Aujourd'hui, les anciens salins hébergent une importante biodiversité et agissent comme un rempart contre la montée de la mer. En procurant un vase d'expansion à l'intrusion marine, cette zone-tampon redevient un espace où la nature reprend ses droits. La restauration des espaces naturels sur les sites des anciens salins se veut un modèle d'expérimentation de deux approches des solutions basées sur la nature : la restauration d'écosystèmes en bonne santé permet à la fois d'accroître la résilience aux effets du changement climatique et de réduire les risques de catastrophes naturelles ou climatiques.

L'enjeu est d'utiliser la capacité des zones humides à stocker temporairement l'eau de mer durant les événements de crues. En outre, les salicornes et autres écosystèmes de marais peuvent retenir les sédiments. La restauration des zones humides de Camargue en lieu et place des anciens salins est désormais une stratégie pour entraver et réduire la montée de la mer et les risques d'inondations. Le maître mot est la connectivité. L'eau doit pouvoir circuler sans obstacles et les espaces doivent être naturellement recolonisés par la flore et la faune.

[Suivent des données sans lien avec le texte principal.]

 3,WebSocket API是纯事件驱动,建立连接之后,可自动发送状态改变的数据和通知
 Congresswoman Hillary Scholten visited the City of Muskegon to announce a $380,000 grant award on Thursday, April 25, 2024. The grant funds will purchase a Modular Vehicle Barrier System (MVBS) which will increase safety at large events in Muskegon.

La gestion adaptative est basée sur cinq critères : restaurer un fonctionnement hydrologique naturel, restaurer les caractéristiques naturelles des écosystèmes, maintenir ou augmenter la capacité de charge pour nourrir les colonies d'oiseaux, mettre en œuvre une gestion adaptative de la montée de la mer, contribuer à une économie soutenable. Des modèles de submersion marine ont été établis par le Bureau de recherches géologiques et minières (BRGM) et servent de référence. De fait, 70 % du delta de Camargue est situé à une altitude inférieure à un mètre, le territoire est susceptible d'être submergé lorsque la mer montera au cours du siècle. Son élévation est déjà rapide, de 4,8 mm par an actuellement et les crues du Rhône sont plus fréquentes.

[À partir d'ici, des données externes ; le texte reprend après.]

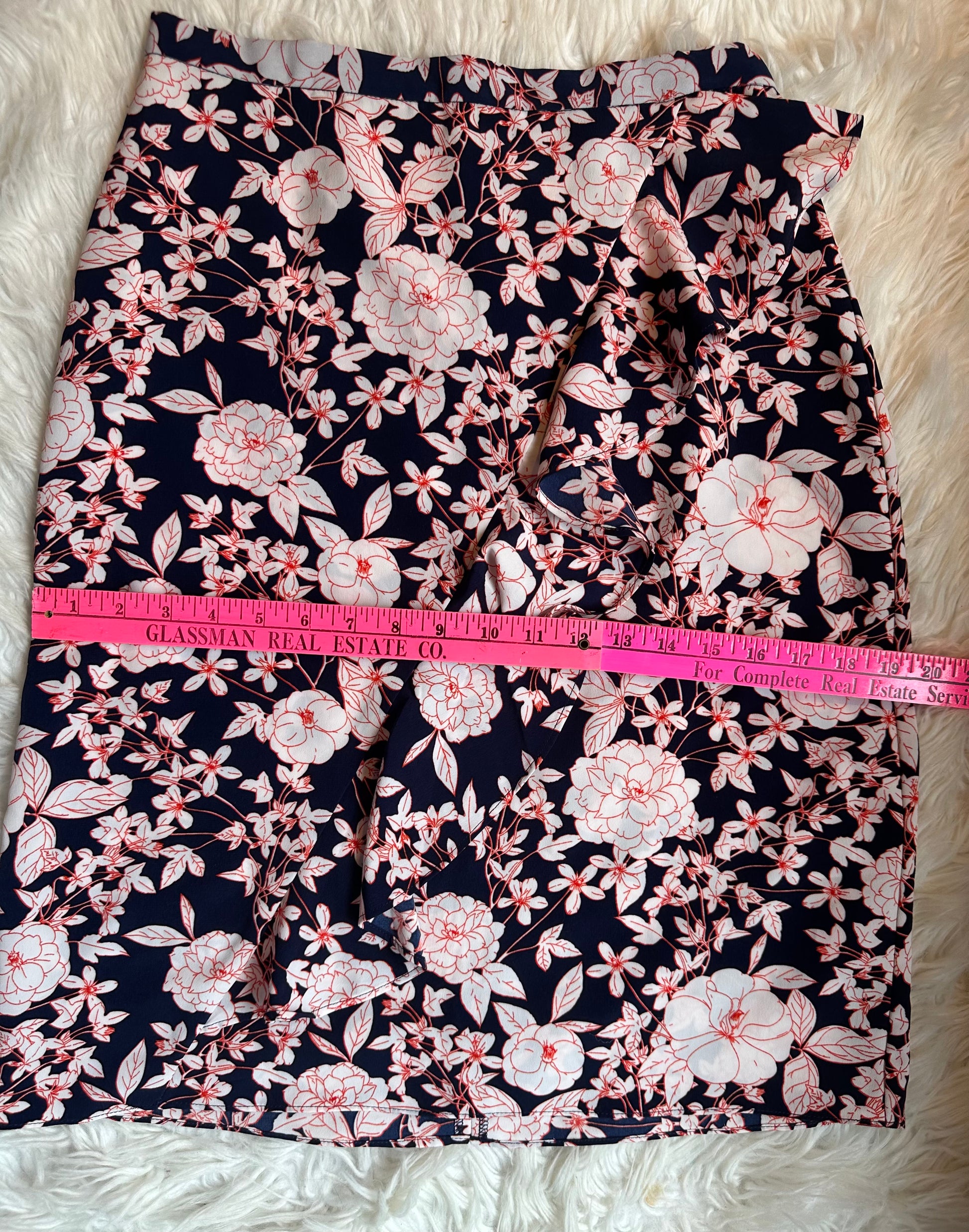 Beautiful Banana Republic floral A-line skirt featuring a navy background with soft white and red floral print. Designed with a subtle ruffle detail that extends diagonally across the front, adding a feminine and flirty touch. Crafted from 100% polyester that feels like lightweight rayon — smooth, flowy, and perfect for transitional weather.

'La Méditerranée est un hotspot du changement climatique'', rappelle Jean Jalbert, directeur du site de la Tour du Valat, centre de recherche sur les zones humides situé au cœur de la Camargue sur une superficie de 2.649 hectares. Or pendant des siècles, la stratégie pour éviter les inondations a consisté à construire des digues le long du Rhône et de la Méditerranée. Le delta a été presque complètement poldérisé dès 1860, c'est-à-dire isolé de la mer par des digues. Le manque d'apport de sédiments en provenance du Rhône, lui-même confiné par des digues, a eu des répercussions importantes sur la formation des dunes, l'érosion et la circulation de l'eau. ‘'Il s'agit aujourd'hui d'écrire une nouvelle histoire pour la Camargue, d'inventer un nouvel aménagement du territoire évolutif et dynamique'', plaide Jean Jalbert, et ce malgré les réticences des producteurs de riz locaux.

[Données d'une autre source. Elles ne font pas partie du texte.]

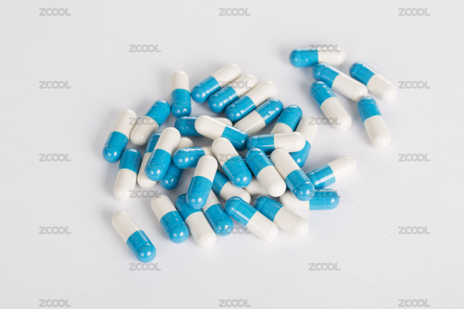 蓝色的胶囊在白色的背景上

Une stratégie moins onéreuse que la construction de digues

L'abandon des digues à la mer sur neuf kilomètres a permis d'économiser 13 à 17 millions d'euros d'investissements pour leur reconstruction, 7 à 24 millions d'euros pour l'aménagement des digues en épi, et au moins 800.000 euros par an de maintenance. Les investissements se concentrent sur la maintenance de la digue à l'intérieur des terres, d'un linéaire de 16 km. L'estimation de la valeur globale des zones humides côtières peut atteindre 160.000 euros par hectares par an sur la base de la prise en compte du stockage de carbone, de la protection côtière, de la vitalité des poissons et de l'amélioration de la qualité de l'eau.

Le bilan est plutôt favorable. La dislocation progressive des digues côtières entraîne la recolonisation du rivage par le sable et une nouvelle topographie des plages. La dé-compartimentation des lagons permet une meilleure circulation de l'eau, la baisse de la salinité contribue à restaurer les lieux de reproduction des poissons, la restauration du cycle naturel de l'eau (submersion en hiver, sécheresse en été) ouvre la voie au retour des salicornes, des plantes de marais et de la végétation aquatique ainsi que la réapparition d'une espèce en danger telle que l'anguille européenne. La réapparition de nombreuses espèces d'oiseaux s'explique également par la réduction de la salinité du site.